2012.07.30

【第10回】鹿島対南米王者、決戦迫る「立ち上がりの15分が鍵」

文=池田敏明
写真=野口岳彦、ウニベルシダ・デ・チリ

 2011年は国内前、後期リーグを制し、コパ・ブリヂストン・スダメリカーナ2011で南米王座に君臨したウニベルシダ・デ・チリ。2012年の国内前期リーグでは第6節から破竹の9連勝を飾るなど圧倒的強さを見せ続けており、その勢いは全く衰えていない。

 国内リーグでは首位でレギュラーシーズンを終えると、8チームによるプレーオフでは準々決勝でコブレロアを危なげなく下し、準決勝で宿敵コロコロとの死闘を制してファイナル進出を果たす。決勝のオイギンス戦は2戦合計3−3というタイスコアのままPK戦に突入したが、守護神エレーラが3本をブロックする大活躍を見せて3季連続、通算16回目の国内タイトルを手にしている。

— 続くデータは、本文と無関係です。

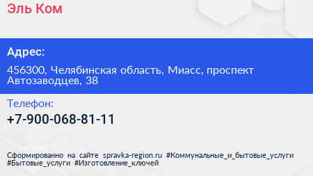 Эль-Ком по адресу 456300, Челябинская область, Миасс, проспект Автозаводцев, 38 в дальнейшем Организация, размещена в следующих категориях:

 一方、コパ・リベルタドーレスでは首位でグループステージを突破し、決勝トーナメントでも1回戦でデポルティーボ・キト(エクアドル)に大逆転勝利を飾るなど快進撃を披露。準決勝でボカ・ジュニオルス(アルゼンチン)に屈したが、南米屈指の強豪と互角に渡り合って見せた。

 国内タイトルを一つ増やし、王者の貫録を増して来日するウニベルシダ・デ・チリ。鹿島アントラーズとのスルガ銀行チャンピオンシップ2012 IBARAKIはどんな試合になるのだろうか。実際にチリを訪問し、突撃取材を敢行した名良橋晃さんは「お互いの特長である攻撃力を生かした展開になると思います」と予想する。

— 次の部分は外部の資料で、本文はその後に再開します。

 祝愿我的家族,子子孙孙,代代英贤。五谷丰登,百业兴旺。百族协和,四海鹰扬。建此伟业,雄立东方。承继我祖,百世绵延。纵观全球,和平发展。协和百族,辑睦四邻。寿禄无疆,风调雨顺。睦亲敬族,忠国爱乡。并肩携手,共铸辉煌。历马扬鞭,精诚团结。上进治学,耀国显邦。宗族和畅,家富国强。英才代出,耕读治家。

「主導権はウニベルシダ・デ・チリが握るでしょう。チャルレス・アランギスやグスタボ・ロレンゼッティといった中盤の選手は攻撃だけでなく守備能力も高いので、鹿島のボールの出所である小笠原満男や柴崎岳に激しいプレスを掛けてくると思われます。鹿島としてはそれを切り抜けてサイドに展開し、相手のサイドバックを押し込みたいですね。マティアス・ロドリゲスやエウジェニオ・メナといったサイドバックはかなり攻撃的で手を焼くと思いますが、サイドの攻防を制することができればチャンスが増えるはずです」

 また、名良橋さんは「立ち上がりの15分間が勝負」と分析する。

「初対決なので、ウニベルシダ・デ・チリにとっても相手がどんなチームか分からない部分はある。そこで鹿島には最初の15分間、とにかく前からプレッシャーを掛けて、攻撃的にいってほしい。そこで先制できれば面白い展開になるでしょう。相手も勢いよく前に出てくることが予想されるので、裏のスペースが空くことで遠藤康やドゥトラの仕掛けがより生きるのではないかと思います。ここはジョルジーニョ監督の采配に注目ですね」

 名前の挙がった遠藤は、記者会見で「相手に合わせるのではなく、自分たちのプレーをしたい」と意気込みを語った。鹿島らしさを見失わずにプレーできれば、南米王者から勝利を収めることも可能になるはずだ。

 チリ取材最終日、サンティアゴ市街を散策する名良橋さんに一人のチリ人男性が話しかけてきた。「あなた、スルガ銀行チャンピオンシップの取材で来た元日本代表だろ? 俺はウニベルシダ・デ・チリのサポーターだ」。見ればユニフォームを身にまとい、帽子には「JAPAN 2012」の文字。「仲間たちと一緒に日本に行くんだ。もうエアーチケットも取った」。

 チリから日本へは地球を約半周、ルートによっては30時間以上を要するが、今回の試合では彼のような熱狂的サポーターが数多く日本に押し寄せるだろう。ピッチ上はもちろんだが、スタンドの熱気でも絶対に負けるわけにはいかない。雌雄を決する大一番はまもなく。スルガ銀行チャンピオンシップ2012 IBARAKIから目が離せない。